A full-patch member of a Hells Angels chapter based in Langley will be allowed to appeal a ban on gun ownership, a judge in Chilliwack ruled recently.
In her ruling, Justice Francesca Marzari expressed doubt about the evidence given by a longtime retired RCMP officer that the Hells Angels is an organized crime group.
The case began when Gaston Methot attempted to renew a firearms permit he had held from 2012 to April, 2018, without incident.
The Firearms Officer issued a Notice of Refusal to Methot, citing Methot’s membership in the outlaw motorcycle gang.
Methot is a member of the West Point Chapter, a Lower Mainland-area group that, according to media reports, had a rented clubhouse in South Langley in recent years.
The refusal to give Methot a firearms permit relied on a report by a 28-year veteran of the RCMP, Cpl. Sergio Da Silva, who in 2018 was with the Organized Gang Unit of the Combined Forces Special Enforcement Unit (CFSEU), which combats organized crime in B.C.
Da Silva advised the Firearms Officer about the characteristics of the Hells Angels, and the Firearms Officer refused the license, writing “I find you represent the Hells Angels and are bound by rules that allow for violence and criminal acts, and that the police are your adversary.”
He found that the outlaw motorcycle club has a reputation for violence and criminal acts, and forbids its members from cooperating with police.
Methot appealed and a reference hearing was held in Abbotsford Provincial Court.
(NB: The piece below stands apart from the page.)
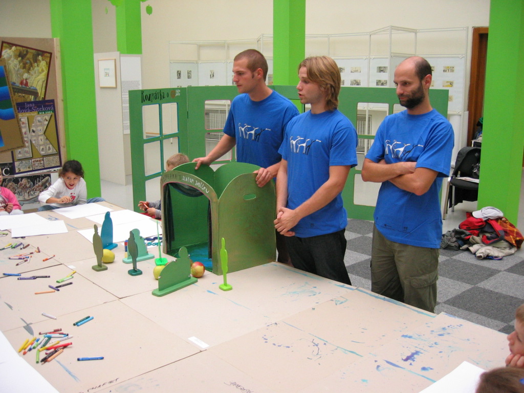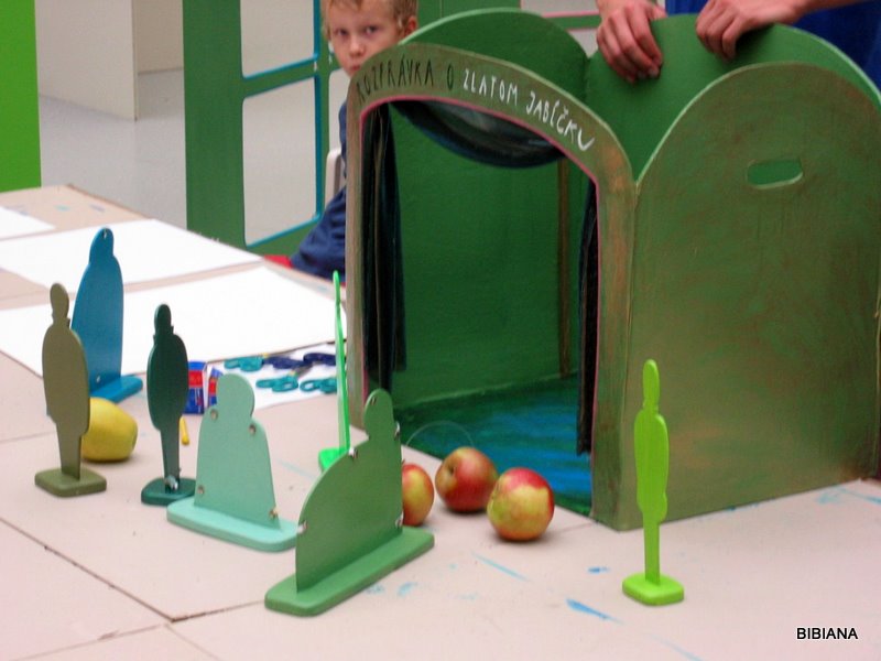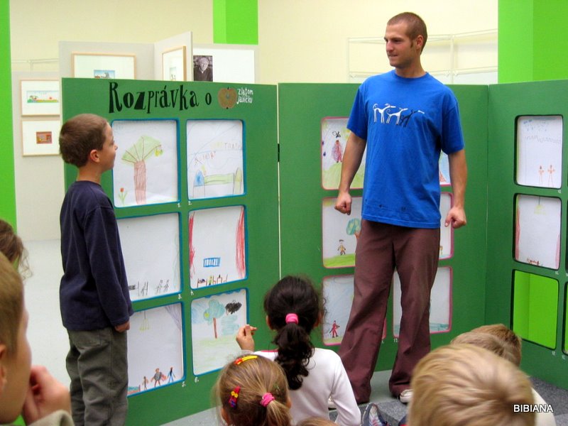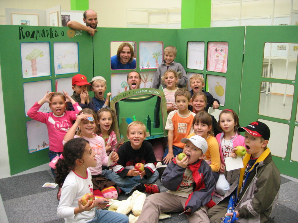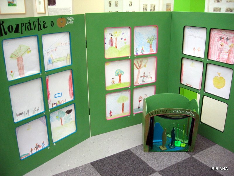 Rozprávka o zlatom jablku rámcuje tvorivé výtvarné aktivity detí. Zároveň je zlaté jablko symbolom ocenených ilustrácií. Deti vytvárali komiks o ceste troich synov za zlatým jabkom , leporelo alebo divdelné kulisy a plošné bábky.

The judge there again found that it was reasonable to refuse the license because Methot “is a member of the Hells Angels Motorcycle Club, which is an organization that allows for violence and criminality, that restricts its members cooperation with police, and regards the police as adversaries.”
Public safety was at risk by giving Methot a gun license, the provincial court judge found.
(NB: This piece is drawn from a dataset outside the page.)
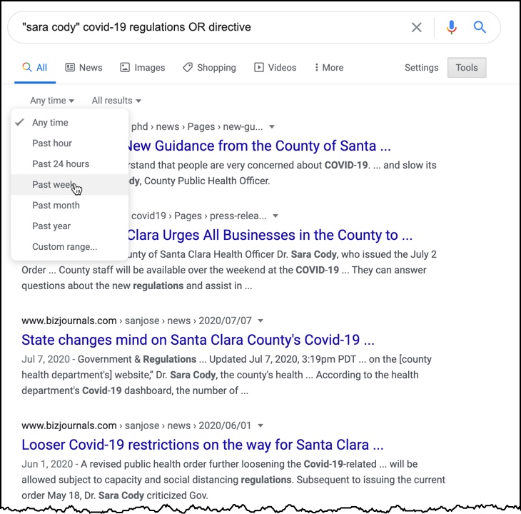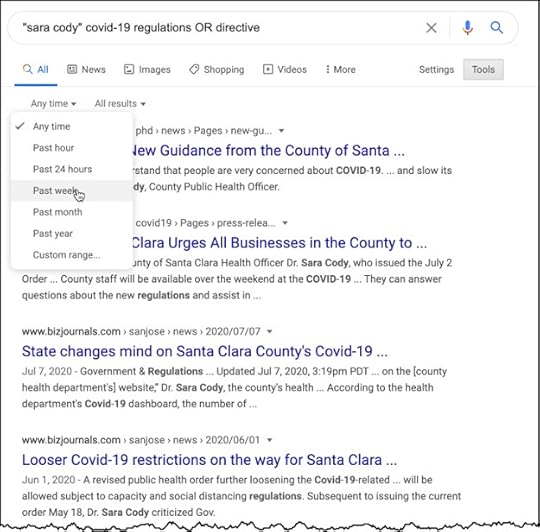 1. Time filtering lets you find current content. In the case of regulations and late-breaking information about pandemics, you certainly want to see the most current material. Be sure you know how to filter by "past 24 hours" "last month" or even better, "custom range."

But Marzari, in a January 22 ruling in Chilliwack Supreme Court, found that the judge had erred.
Part of Marzari’s ruling relied on changing standards of review in cases like this, based on a Supreme Court of Canada ruling. She also considered other recent court rulings that have limited the ability of police officers to offer the opinion that the Hells Angels are an organized crime group.
Da Silva’s report relied on “double or unattributed hearsay, use of the term ‘outlaw motorcycle gang,’ and aspects of his opinion that may be characterized as pure speculation,” Marzari wrote, agreeing with Methot’s lawyer.
“While some of this opinion evidence was factual and largely uncontested (for example, that Mr. Methot is a member of the Hells Angels) other aspects were highly contentious at the hearing and were based on hearsay and speculation that would ordinarily not be admissible, and which raise reliability issues,” Marzari added later in her ruling.
The hearing over Methot’s gun license was not a formal trial, and Marzari acknowledged that hearsay evidence is admissible in such a hearing.
But the judge should have considered the “weaknesses” of Da Silva’s evidence, Marzari wrote.
Marzari did not grant Methot his firearms license, but did rule that the Provincial Court has to reconsider the matter again, this time applying “the proper standard of review” to the decision and Da Silva’s expert evidence.
Police in B.C. have repeatedly characterized the Hells Angels as a violent organized crime group involved in the drug trade, and multiple Hells Angels members in B.C. have been murdered in recent years.